'Hunnisett' Wills etc.
Wills before 1858
Before 1858 English and Welsh wills were proved either in the local Ecclesiastical Court or in the Perogative Courts of Canterbury or York. Those that survive are generally found in County Record Offices or the National Archives. Older Wills lists those wills I know about and their location. Some of those at the National Archives are downloadable from their site DocumentsOnline. Where extracts from a will are shown elsewhere on this site the link is via the testators name.
If you know of other wills please let me know and I will add them to the list. Similarly, if you know of any wills proved in other countries I would be pleased to hear about them.
Wills at First Avenue House
The Principal Probate Registry has either originals or copies of all English and Welsh wills and administrations since 1858. These can be viewed, or copies obtained from First Avenue House, 42-49 High Holborn, in London.

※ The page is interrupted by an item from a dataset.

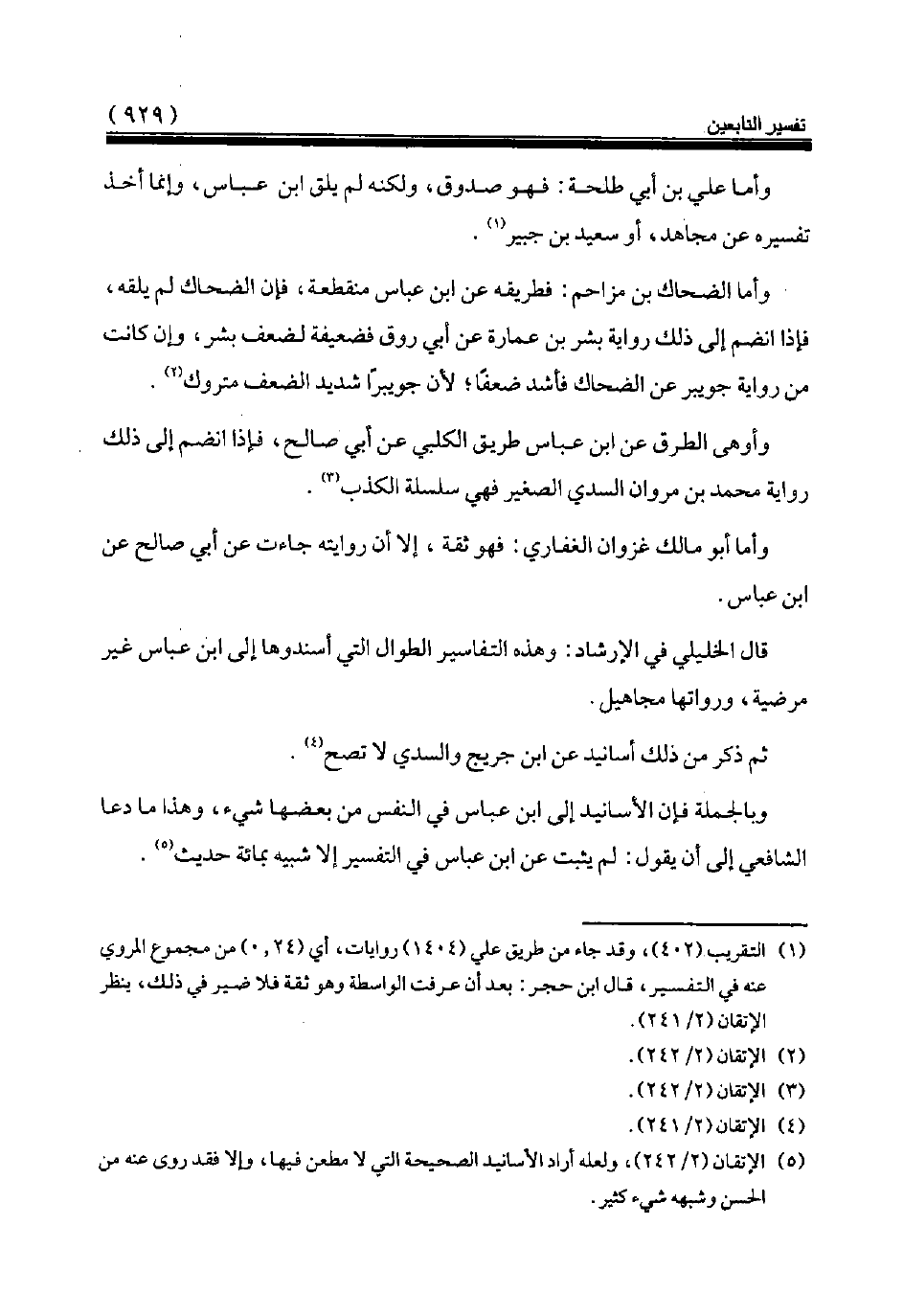 (¬1) التقريب (402)، وقد جاء من طريق علي (1404) روايات، أي (24، 0) من مجموع المروي عنه في التفسير، قال ابن حجر: بعد أن عرفت الواسطة وهو ثقة فلا ضير في ذلك، ينظر الإتقان (2/ 241).
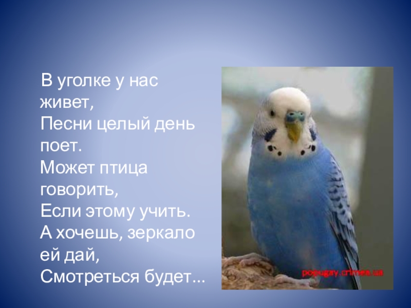 В уголке у нас живет, Песни целый день поет. Может птица говорить, Если этому учить.

I have extracted all the 'Hunnisett' entries from the index books from 1858 to 1950. These are shown in Post-1858 Wills indexed by first name and year. Because of space limitations I am only showing the name of the testator, where they were from, whether it was a will or an administration, the date of probate and the office. The actual index entry gives a lot more information (dates, addresses, trustees, value etc.). Please contact me if you need more information about any of these entries.

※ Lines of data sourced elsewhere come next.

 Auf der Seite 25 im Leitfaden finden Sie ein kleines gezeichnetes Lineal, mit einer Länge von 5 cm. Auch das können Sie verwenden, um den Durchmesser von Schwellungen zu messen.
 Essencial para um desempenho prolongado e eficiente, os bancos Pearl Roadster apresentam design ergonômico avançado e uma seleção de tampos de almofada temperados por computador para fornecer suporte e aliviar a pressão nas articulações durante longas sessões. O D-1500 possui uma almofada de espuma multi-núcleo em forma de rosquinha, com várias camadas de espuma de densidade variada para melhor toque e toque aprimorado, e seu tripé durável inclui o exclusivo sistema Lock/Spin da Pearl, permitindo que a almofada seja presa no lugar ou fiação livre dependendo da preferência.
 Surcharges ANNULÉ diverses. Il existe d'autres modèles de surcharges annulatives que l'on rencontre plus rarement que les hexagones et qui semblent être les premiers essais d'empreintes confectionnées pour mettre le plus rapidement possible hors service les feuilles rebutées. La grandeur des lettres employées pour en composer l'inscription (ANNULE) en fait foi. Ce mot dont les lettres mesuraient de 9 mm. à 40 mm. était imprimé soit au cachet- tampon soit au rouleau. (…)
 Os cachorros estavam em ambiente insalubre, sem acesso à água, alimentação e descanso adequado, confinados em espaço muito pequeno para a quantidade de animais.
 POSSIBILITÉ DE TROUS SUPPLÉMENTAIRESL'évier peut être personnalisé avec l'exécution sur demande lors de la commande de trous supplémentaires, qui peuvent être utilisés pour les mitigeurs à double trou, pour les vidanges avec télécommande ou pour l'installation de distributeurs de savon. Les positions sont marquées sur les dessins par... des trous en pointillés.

Between 1530 and 1750 it was sometimes necessary to file an inventory when probate or letters of administration had been granted. A list and valuation of the deceased's movable goods was prepared by two to four local men, usually friends or relatives, in order to avoid or resolve disputes. I have only found one inventory directly applying to a Hunnisett, that of Richard Hunniset, farmer of Herstmonceux, who died in 1732.
If a person died intestate, ie did not leave a will, an application could be made to administer the estate and divide it among the beneficiaries. Letters of Administration (or admons) were issued but these gave little information other than date and place of death and the names of the adminisrators.

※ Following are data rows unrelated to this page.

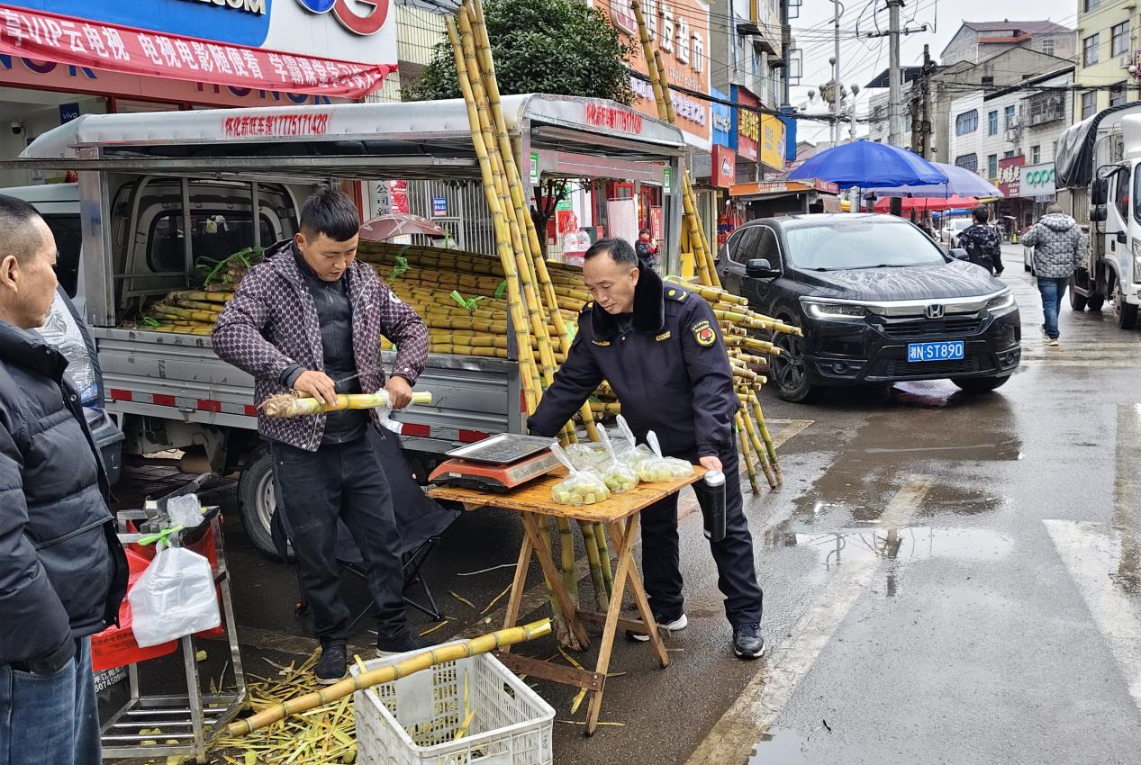 强化集市疏导秩序整治。针对集市近320国道、春节期间赶集日人流车流密集等特点,该镇在集市主要出入口及国道连接附近设置临时值守点,安排工作人员值守引导,进行阶段性人车分流与驾乘安全出行提醒,有效缓解拥堵、降低事故风险。同时,对占道经营行为采取“宣传+劝导+整治”模式,引导其进入指定区域规范经营,确保道路畅通与集市秩序。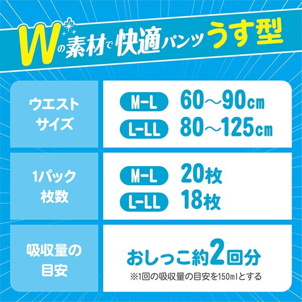 | 日本製紙クレシア アクティ 大人用 紙おむつ Wの素材で快適パンツ うす型 2回分吸収 M-L:20枚/L-LL:18枚 89067/89069 |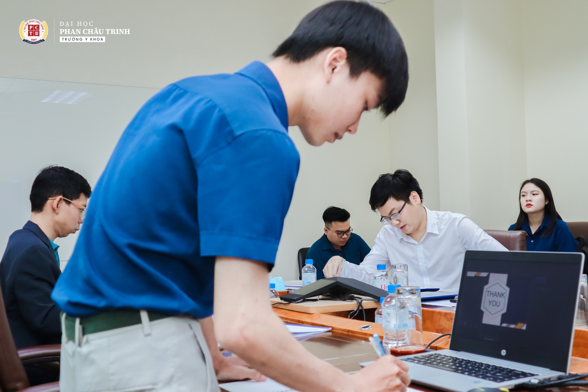 Tại buổi xét duyệt, các sinh viên đã tự tin làm rõ mục tiêu nghiên cứu trên lâm sàng, phương pháp luận và kế hoạch triển khai cụ thể cho từng giai đoạn. Đặc biệt, nhằm hỗ trợ tối đa cho sinh viên năm thứ 5 đang thực tập tại các bệnh viện, Nhà trường đã triển khai song song hình thức báo cáo trực tiếp và trực tuyến. Sự linh hoạt này giúp các sinh viên vừa đảm bảo tiến độ nghiên cứu khoa học, vừa không làm gián đoạn việc trau dồi kỹ năng thực hành tại các cơ sở y tế.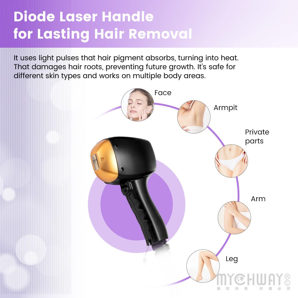 For All Hair Colors and Skin Types: The Diode Laser handle efficiently removes hair from all skin types, from light to dark, and all hair colors, including white and blonde. It's the perfect hair removal machine for offering reliable hair removal treatments for every client.
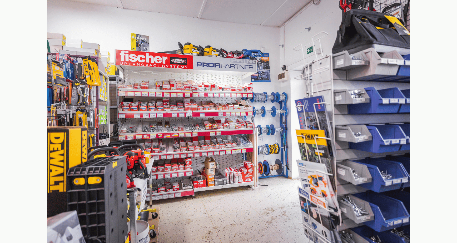 V naší pelhřimovské prodejně i na e-shopu nabízíme kvalitní produkty známých značek (např. DeWALT, RAPI-TEC, Fischer a další).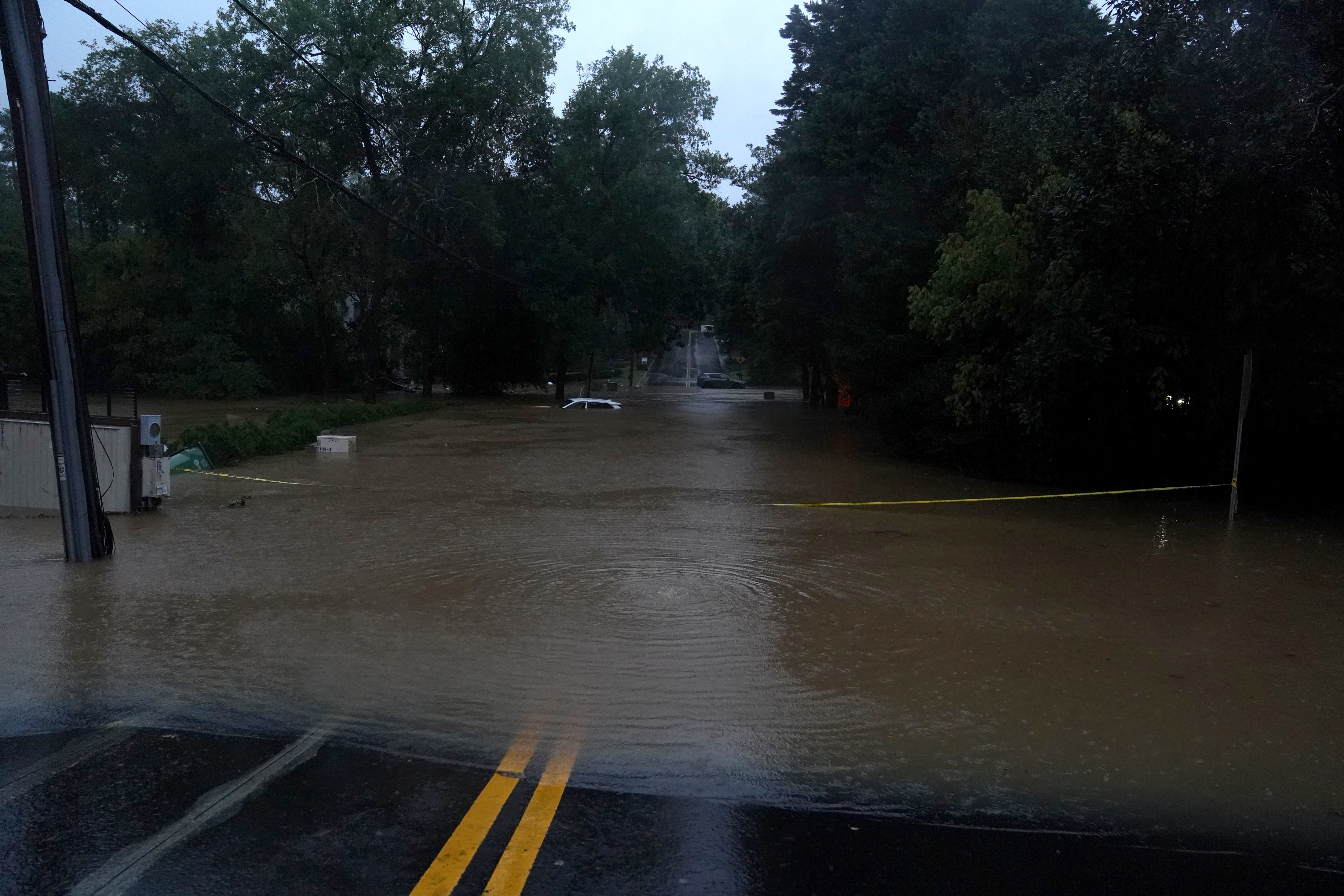 ATLANTA, GEORGIA – SEPTEMBER 27: Floodwaters in the Buckhead neighborhood in the aftermath of Hurricane Helene on September 27, 2024 in Atlanta, Georgia. Hurricane Helene made landfall in Florida’s Big Bend region as a category four hurricane, and has brought flooding inland as the storm system moves over Georgia, heading into the Carolinas. (Photo by Megan Varner/Getty Images)

If a person had not made a written will but, knowing he was near to death, made an oral declaration of his wishes the court could still grant probate if it was satisfied that the alleged declaration had in fact been made. This was then known as a nuncupative will. The will of Clement Honisett made in 1672 was nuncupative and the will of Constance Honnisett also contains the nuncupative will of her husband William who had died only a month earlier
Transcripts of some 'Hunnisett' wills
This section contains transcripts of some of the 'Hunnisett' wills that I have copies of or have obtained transcripts of. Many of them have proved crucial in helping to link families together.
Some of the copies are very easy to read but some, especially the older ones, are very difficult to transcribe, particularly with names as the context doesn't help as it does with most words. Where I have failed to transcribe a word I have indicated it thus '........' or 'tra.....th' with the dots usually giving an approximation of the length of the missing word. If you have a copy of the will and can help with any of the missing words or spot any mistakes in my transcript please let me know.
After each transcript I have listed the relationships shown within the will. It should be remembered that these were current at the date the will was written, not necessarily when the testator died, which in some cases was years later.